*INPUT RECORDS*.
- - -

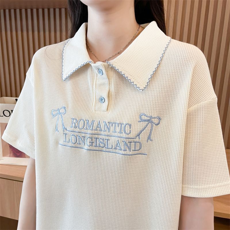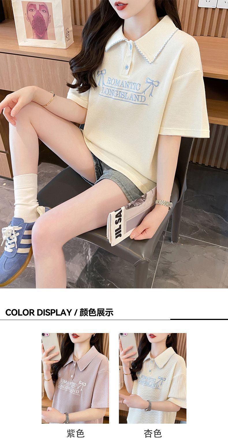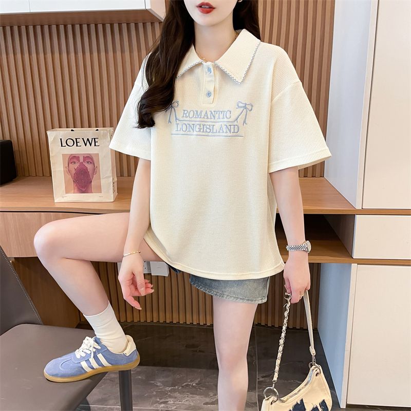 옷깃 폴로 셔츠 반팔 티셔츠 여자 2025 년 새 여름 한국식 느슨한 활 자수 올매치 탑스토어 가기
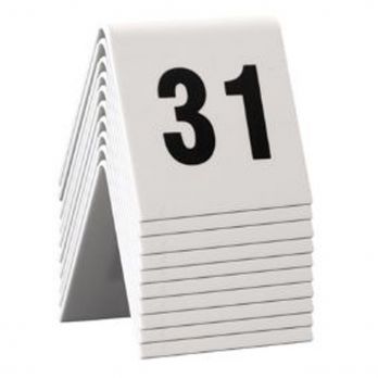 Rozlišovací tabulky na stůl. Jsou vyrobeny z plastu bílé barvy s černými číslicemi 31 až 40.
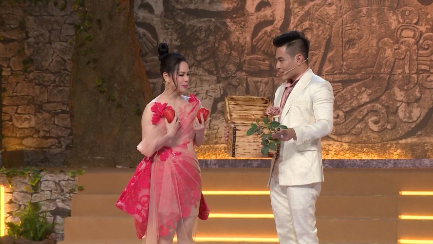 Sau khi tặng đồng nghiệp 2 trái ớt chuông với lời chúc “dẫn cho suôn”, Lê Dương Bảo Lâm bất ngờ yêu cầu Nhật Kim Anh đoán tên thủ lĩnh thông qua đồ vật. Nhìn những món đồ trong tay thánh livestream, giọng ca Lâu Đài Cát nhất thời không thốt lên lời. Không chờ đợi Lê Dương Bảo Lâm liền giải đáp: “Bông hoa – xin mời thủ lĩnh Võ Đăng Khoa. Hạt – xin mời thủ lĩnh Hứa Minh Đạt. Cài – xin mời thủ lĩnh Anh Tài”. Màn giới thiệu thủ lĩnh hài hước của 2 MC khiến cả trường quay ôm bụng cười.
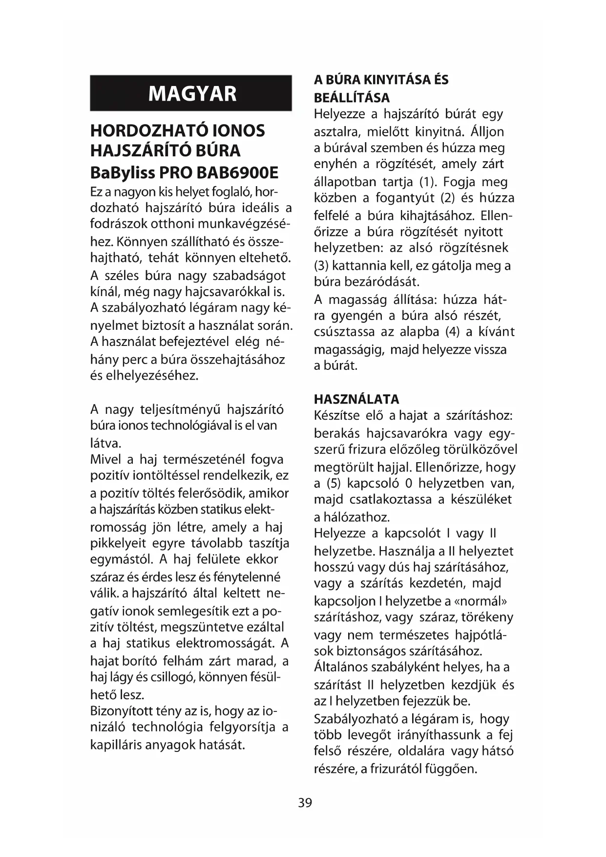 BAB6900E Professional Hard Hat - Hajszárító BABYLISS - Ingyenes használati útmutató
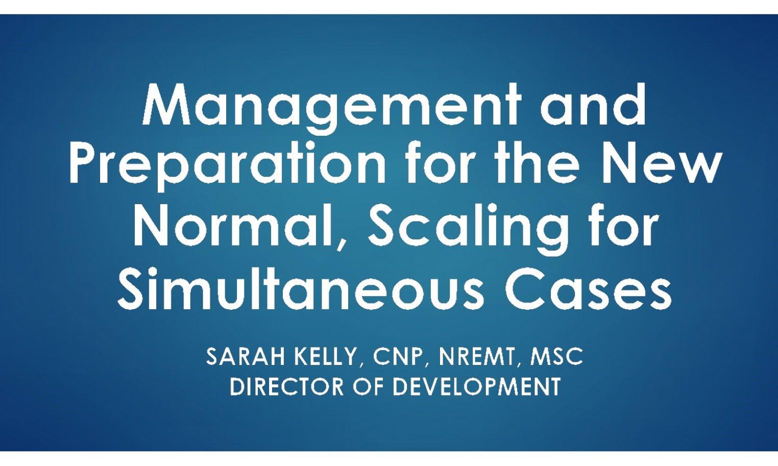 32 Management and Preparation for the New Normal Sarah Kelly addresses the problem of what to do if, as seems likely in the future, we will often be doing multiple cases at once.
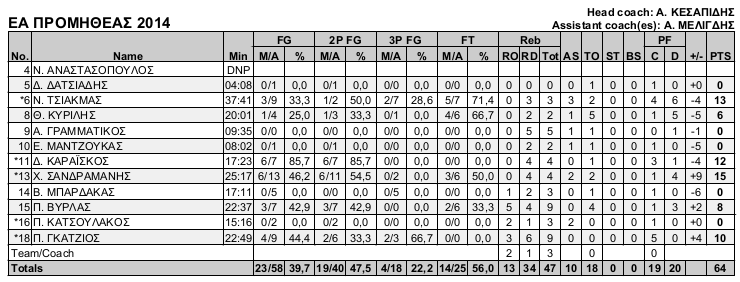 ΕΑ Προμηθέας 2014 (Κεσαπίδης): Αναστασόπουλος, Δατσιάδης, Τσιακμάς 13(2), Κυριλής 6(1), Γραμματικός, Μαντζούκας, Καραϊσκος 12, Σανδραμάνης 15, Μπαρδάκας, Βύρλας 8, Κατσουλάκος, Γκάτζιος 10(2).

- - -

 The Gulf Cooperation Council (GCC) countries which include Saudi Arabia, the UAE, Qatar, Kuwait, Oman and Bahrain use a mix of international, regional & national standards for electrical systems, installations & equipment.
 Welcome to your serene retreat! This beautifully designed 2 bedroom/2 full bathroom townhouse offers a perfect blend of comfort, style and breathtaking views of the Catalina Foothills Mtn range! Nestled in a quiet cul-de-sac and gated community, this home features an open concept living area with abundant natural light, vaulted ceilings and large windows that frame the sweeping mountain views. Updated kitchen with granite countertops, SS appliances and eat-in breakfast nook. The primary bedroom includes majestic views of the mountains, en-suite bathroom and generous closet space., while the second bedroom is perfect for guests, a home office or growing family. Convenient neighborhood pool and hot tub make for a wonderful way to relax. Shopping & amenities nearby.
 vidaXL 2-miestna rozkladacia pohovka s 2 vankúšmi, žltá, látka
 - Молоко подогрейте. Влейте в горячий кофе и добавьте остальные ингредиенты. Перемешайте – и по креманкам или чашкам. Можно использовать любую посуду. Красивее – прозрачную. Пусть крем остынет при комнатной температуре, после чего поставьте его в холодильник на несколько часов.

- - -

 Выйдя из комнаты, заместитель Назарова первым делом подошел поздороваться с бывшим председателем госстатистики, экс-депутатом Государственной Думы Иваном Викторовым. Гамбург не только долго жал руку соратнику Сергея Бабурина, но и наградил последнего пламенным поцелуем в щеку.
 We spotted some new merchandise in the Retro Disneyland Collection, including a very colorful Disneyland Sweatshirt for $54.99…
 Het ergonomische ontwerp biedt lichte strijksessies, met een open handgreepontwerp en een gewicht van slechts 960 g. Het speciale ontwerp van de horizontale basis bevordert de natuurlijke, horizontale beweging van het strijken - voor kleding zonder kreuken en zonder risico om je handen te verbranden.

- - -

*TASK REQUIREMENTS*.
Reproduce each line of the data containing the word "open".

*PROBLEM SOLUTION*.
 Welcome to your serene retreat! This beautifully designed 2 bedroom/2 full bathroom townhouse offers a perfect blend of comfort, style and breathtaking views of the Catalina Foothills Mtn range! Nestled in a quiet cul-de-sac and gated community, this home features an open concept living area with abundant natural light, vaulted ceilings and large windows that frame the sweeping mountain views. Updated kitchen with granite countertops, SS appliances and eat-in breakfast nook. The primary bedroom includes majestic views of the mountains, en-suite bathroom and generous closet space., while the second bedroom is perfect for guests, a home office or growing family. Convenient neighborhood pool and hot tub make for a wonderful way to relax. Shopping & amenities nearby.
 Het ergonomische ontwerp biedt lichte strijksessies, met een open handgreepontwerp en een gewicht van slechts 960 g. Het speciale ontwerp van de horizontale basis bevordert de natuurlijke, horizontale beweging van het strijken - voor kleding zonder kreuken en zonder risico om je handen te verbranden.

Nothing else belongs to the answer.